Instructor: Luís Pedro Coelho <lpc@cmu.edu>
Class Number: 98-111
Meeting Times: 6.30PM SH 220
The class is broken up into three modules: Programming and Software Carpentry, Scientific Programming and Applied Topics. The class is also broken into two sections: a lecture and a lab session. During lecture, we will cover general interest material. Lab session will also have a lecture format. However, it will cover specific technologies and methods.
There is no official textbook for the course, but Python Programming: An Introduction to Computer Science by John Zelle is a good Python introduction. Also, you can check out Dive Into Python, which is available for free online or (in printed form) in the CMU library. Another quality online resource is A Byte of Python.
Grades will depend on homeworks and final project. For a passing grade, you need 7 (out of 10) on at least 7 homeworks (there will be at least 9 homeworks) and a 7 on the final project. Homeworks will be assigned on Tuesdays and are due the next Tuesday at mid-night. Late penalties: up to 24 hours delay: 20% penalty. Up until beginning of lab-session: 30% penalty. Thursday sessions will often include discussion of homeworks. Therefore, after that, you can no longer turn in homeworks for grading.
Homework will normally consists of a multiple-choice/short answer section plus a programming question. Homeworks are to be turned in by email, with the answers either typed-in directly in the body of the email (text-only emails, please), or as a text (.txt) or PDF format for the question and as an attached .py file for the programming assignments. In particular, doc, docx, odt will not be accepted.
This is what I expect that students will have learned by the end of the course:
- Software carpentry: source control, unit testing, profilers. Students should know how to use Subversion, nosetest, and the Python profiler as well as understand the concepts behind these tools (which will enable them to use a different implementation of the same ideas).
- Modern programming paradigms: object oriented. Students should know how polymorphism works and understand when and why it can be useful.
- Students should know how floating-point numbers are represented and their limitations. Detailed knowledge of specific formats is not required.
- Technologies: Python, including numpy. Students should be able to comfortably write medium-sized programs (a few thousand lines of code) using these technologies in an effective way.
Most importantly, I expect students to be (and consider themselves) more efficient programmers. The overall goal is a twenty per-cent improvement in productivity.
This outline is my current thinking on the course. The general topics are very much fixed upon (except for the last module, which is flexible by-design), but the content of each lecture might still be tweaked.
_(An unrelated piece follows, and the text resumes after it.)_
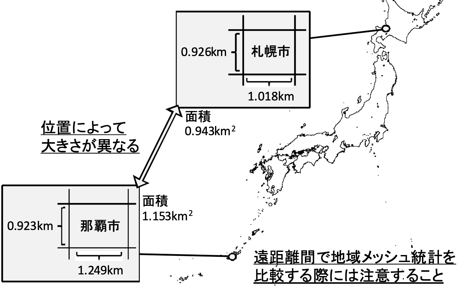 - 2000年より前の地域メッシュ統計には、従来の日本測地系での地域メッシュ区分によって編成されたデータの場合がある。

Overview of the course, course policies. Principles of readable code.
This is only for people who don’t know programming and will teach you the basics.
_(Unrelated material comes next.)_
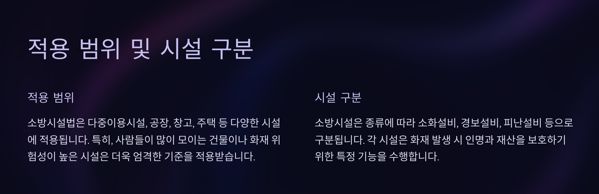 이 법의 적용 범위는 건축물, 공장, 다중이용시설, 위험물 저장소, 지하 시설물 등 다양한 공간을 포함해요. 규모와 용도에 따라 설치 및 관리 기준이 다르게 적용돼요.
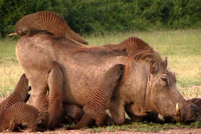 在非洲大草原上,疣猪和狐獴也是非常要好的朋友。疣猪的皮肤有很多皱褶,时间长了会生很多跳蚤、虱子,而狐獴又很喜欢这些脏兮兮的寄生虫。所以经常能看到一只懒洋洋的疣猪身上爬满了狐獴,疣猪享受狐獴帮自己清理着身体寄生虫,像是做了个“狐獴spa”。

What is Python? Basic types and iterations.
Introduction to object-oriented code.
More Python.
Exception-handling. Defensive programming (assert statement)
Odds & ends of python 2. In-class exercises on Python.
Using the shell.
Version control: Subversion.
Defensive Programming & Unit testing (nosetest).
Debugger & Profiler.
We focus on both basic issues of scientific computing (floating point representation) and an overview of basic algorithms for scientific tasks (in particular, numerical optimisation).
Binary representation. How integers are represented in memory (positive and negative numbers), integer sizes. Discussion of fixed-point vs. floating point. How floating point numbers are represented internally. Ieee numbers, nan’s, Infs.
Using arrays to write code, reductions and broadcasting.
Feb 24.
Reformulating your problems as an optimisation problem. Limitations of this approach. Newton’s method. Gradient descent.
Feb 26
Thinking about memory allocation and temporaries. Projects
Mar 3
Pseudo-random numbers. Issues with stochasticity. Metropolis-Hastings Algorithm
Mar 5
Introduction to OpenOpt. Discussion of possible projects.
Homework: Students should submit a project proposal (or choose from the instructor proposed projects).
Mar 17
Discussion of file formats, encodings. Basic syntax of regular expressions.
Mar 19
Mar 24
Publishing code is often part of the publication process with benefits for both the community and the author. In this lecture, we focus on the aspects inherent to a good, re-usable, software package. We also go over open-source licenses. Re-produceable research.
Mar 31
This final section consists of more advanced topics. No homeworks will be assigned as students should be working on their projects. The topics covered in this module is open to change based on student interests.
Simple design principles behind an effective graphical user interface.
Tools for building a user interface: pyqt.
Organising large quantities of data using a relational database.
How to build a database.
Buffer time for overflow from other lectures.
Tools for interface Python/C/C++/Fortran/R/...